Thread (39 messages) 39 messages, 5 authors, 2020-03-01

Re: [PATCH RFC] ext4: fix potential race between online resizing and write operations

From: Joel Fernandes <hidden>
Date: 2020-02-21 13:28:23
Also in: lkml, rcu
Subsystem: read-copy update (rcu), the rest · Maintainers: "Paul E. McKenney", Frederic Weisbecker, Neeraj Upadhyay, Joel Fernandes, Josh Triplett, Boqun Feng, Uladzislau Rezki, Linus Torvalds

On Fri, Feb 21, 2020 at 07:06:18AM -0500, Joel Fernandes wrote:
On Tue, Feb 18, 2020 at 06:08:57PM +0100, Uladzislau Rezki wrote:
quoted
On Mon, Feb 17, 2020 at 02:33:14PM -0500, Theodore Y. Ts'o wrote:
quoted
On Mon, Feb 17, 2020 at 05:08:27PM +0100, Uladzislau Rezki wrote:
quoted
Hello, Joel, Paul, Ted. 
quoted
Good point!

Now that kfree_rcu() is on its way to being less of a hack deeply
entangled into the bowels of RCU, this might be fairly easy to implement.
It might well be simply a matter of a function pointer and a kvfree_rcu()
API.  Adding Uladzislau Rezki and Joel Fernandez on CC for their thoughts.
I think it makes sense. For example i see there is a similar demand in
the mm/list_lru.c too. As for implementation, it will not be hard, i think. 

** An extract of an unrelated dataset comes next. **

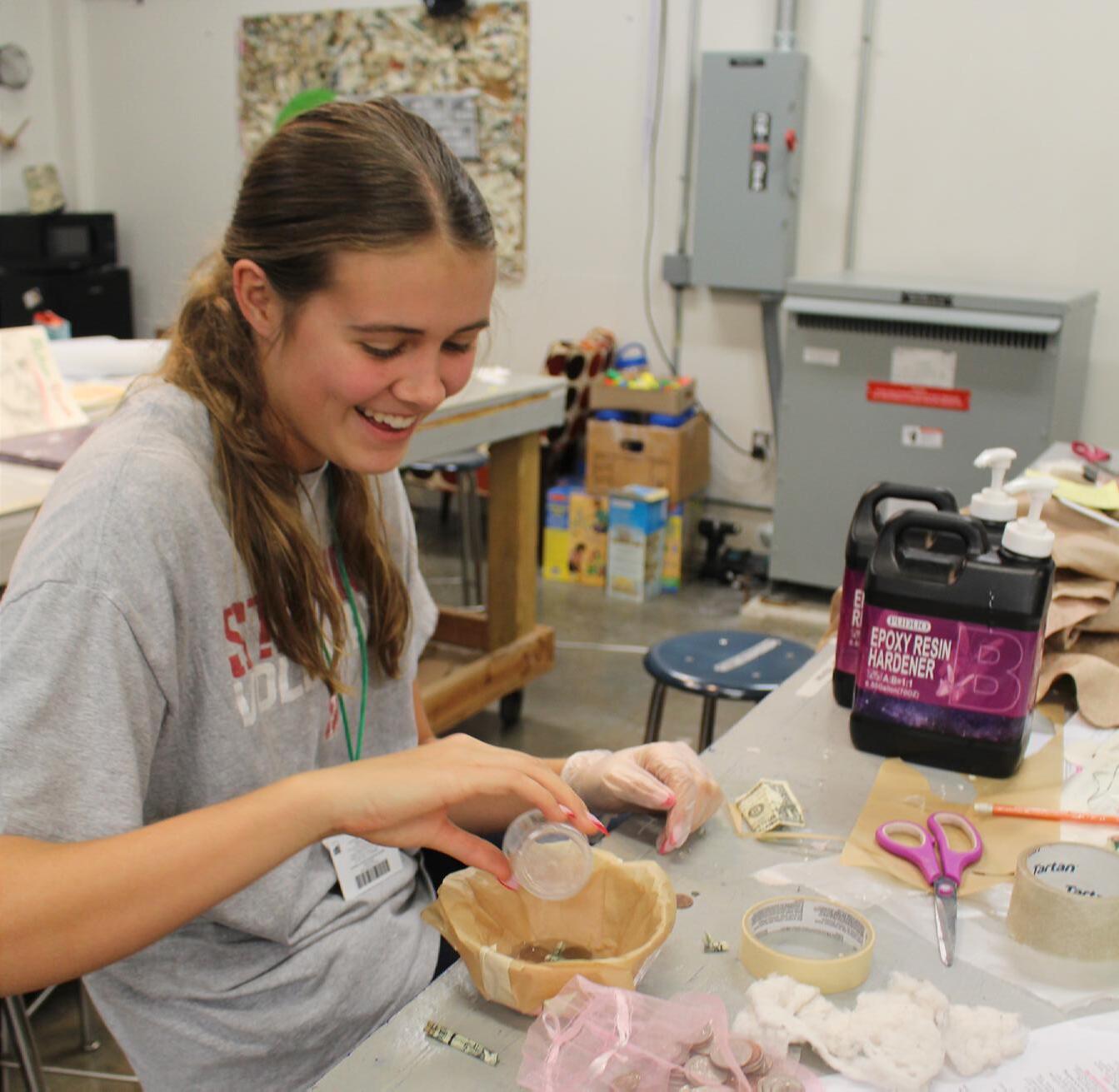 Sarah Hickman (12) pours resin into a mold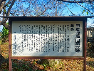 甲斐源氏の祖となった源義清の居館伝承地である。義清は新羅三郎義光の三男として生まれたが、大治5年(1130)に子の清光が領地の境界を巡って大掾盛幹と紛争を起こすも敗訴し、天承元年(1131)に甲斐国市河荘へ配流された。

The easiest way is to inject kvfree() support directly into existing kfree_call_rcu()
logic(probably will need to rename that function), i.e. to free vmalloc() allocations
only in "emergency path" by just calling kvfree(). So that function in its turn will
figure out if it is _vmalloc_ address or not and trigger corresponding "free" path.
The other difference between ext4_kvfree_array_rcu() and kfree_rcu()
is that kfree_rcu() is a magic macro which frees a structure, which
has to contain a struct rcu_head.  In this case, I'm freeing a pointer
to set of structures, or in another case, a set of buffer_heads, which
do *not* have an rcu_head structure.
We can implement kvfree_rcu() that will deal with pointer only, it is not
an issue. I mean without embedding rcu_head to the structure or whatever
else.

I tried to implement it with less number of changes to make it more clear
and readable. Please have a look:

<snip>
diff --git a/include/linux/rcupdate.h b/include/linux/rcupdate.h
Overall this implementation is nice. You are basically avoiding allocating
rcu_head like Ted did by using the array-of-pointers technique we used for
the previous kfree_rcu() work.

One thing stands out, the path where we could not allocate a page for the new
block node:
quoted
@@ -3061,6 +3148,11 @@ void kfree_call_rcu(struct rcu_head *head, rcu_callback_t func)
        if (krcp->initialized)
                spin_unlock(&krcp->lock);
        local_irq_restore(flags);
+
+       if (!skip_call_rcu) {
+               synchronize_rcu();
+               kvfree(ptr_to_free);
We can't block, it has to be async otherwise everything else blocks, and I
think this can also be used from interrupt handlers which would at least be
an SWA violation. So perhaps it needs to allocate an rcu_head wrapper object
itself for the 'emergeny case' and use the regular techniques.

Another thing that stands out is the code duplication, if we can make this
reuse as much as of the previous code as possible, that'd be great. I'd like
to avoid bvcached and bvhead if possible. Maybe we can store information
about the fact that this is a 'special object' in some of the lower-order
bits of the pointer. Then we can detect that it is 'special' and free it
using kvfree() during the reclaim
I was thinking something like the following, only build-tested -- just to
show the idea. Perhaps the synchronize_rcu() should be done from a workqueue
handler to prevent IRQ crapping out?

Basically what I did different is:
1. Use the existing kfree_rcu_bulk_data::records array to store the
   to-be-freed array.
2. In case of emergency, allocate a new wrapper and tag the pointer.
   Read the tag later to figure its an array wrapper and do additional kvfree.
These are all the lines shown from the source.